> _DATA PROVIDED_

"""

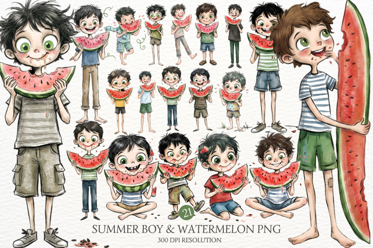 Whimsical Summer Boy & Watermelon Clipart
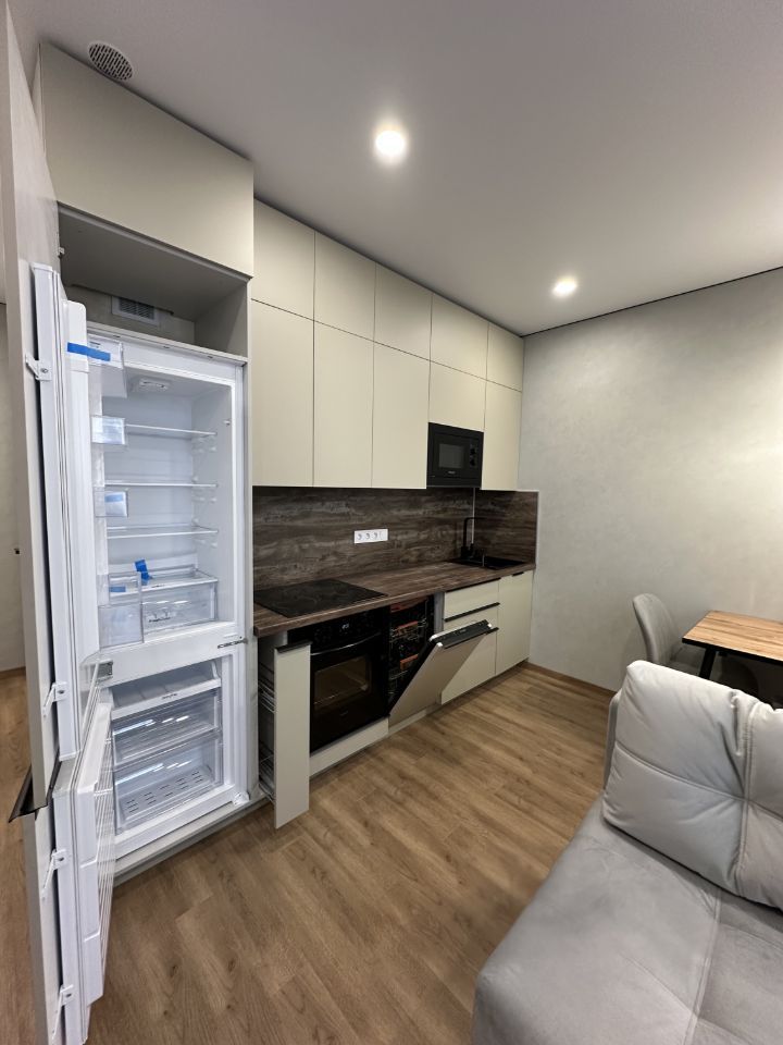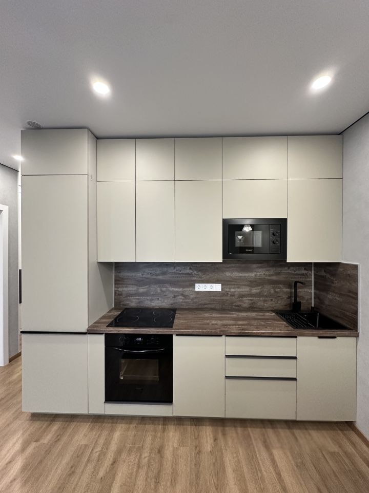 - вся техника для кухни встроенная (холодильник, варочная панель, духовой шкаф, посудомоечная машина, микроволновая печь, вытяжка).
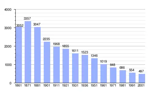 Gráfica de evolución demográfica de Vobbia entre 1861 y 2001 |
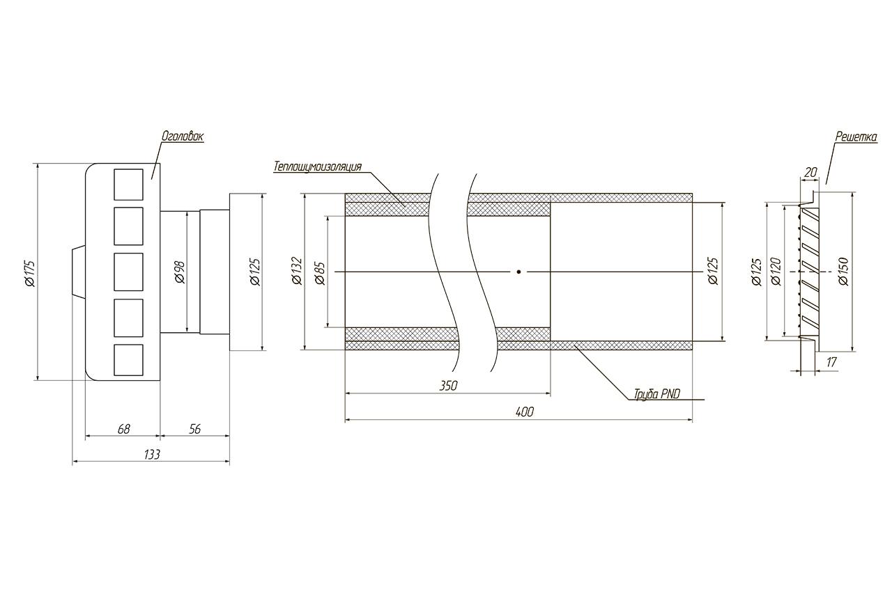 Пластиковый воздуховод - труба ПНД - необходим для поступления по нему воздуха через стену от наружной решетки к оголовку. Длина воздуховода - 400 мм. Канал может быть подрезан в зависимости от толщины стены, в которую он устанавливается. Внутри трубы расположена изоляция, которая выполняет 2 функции:

"""

> _TASK DESCRIPTION_
Restate the data above word for word. Do not include the images.

> _RESPONSE TO THE EXERCISE_
 Whimsical Summer Boy & Watermelon Clipart
 - вся техника для кухни встроенная (холодильник, варочная панель, духовой шкаф, посудомоечная машина, микроволновая печь, вытяжка).
 Gráfica de evolución demográfica de Vobbia entre 1861 y 2001 |
 Пластиковый воздуховод - труба ПНД - необходим для поступления по нему воздуха через стену от наружной решетки к оголовку. Длина воздуховода - 400 мм. Канал может быть подрезан в зависимости от толщины стены, в которую он устанавливается. Внутри трубы расположена изоляция, которая выполняет 2 функции:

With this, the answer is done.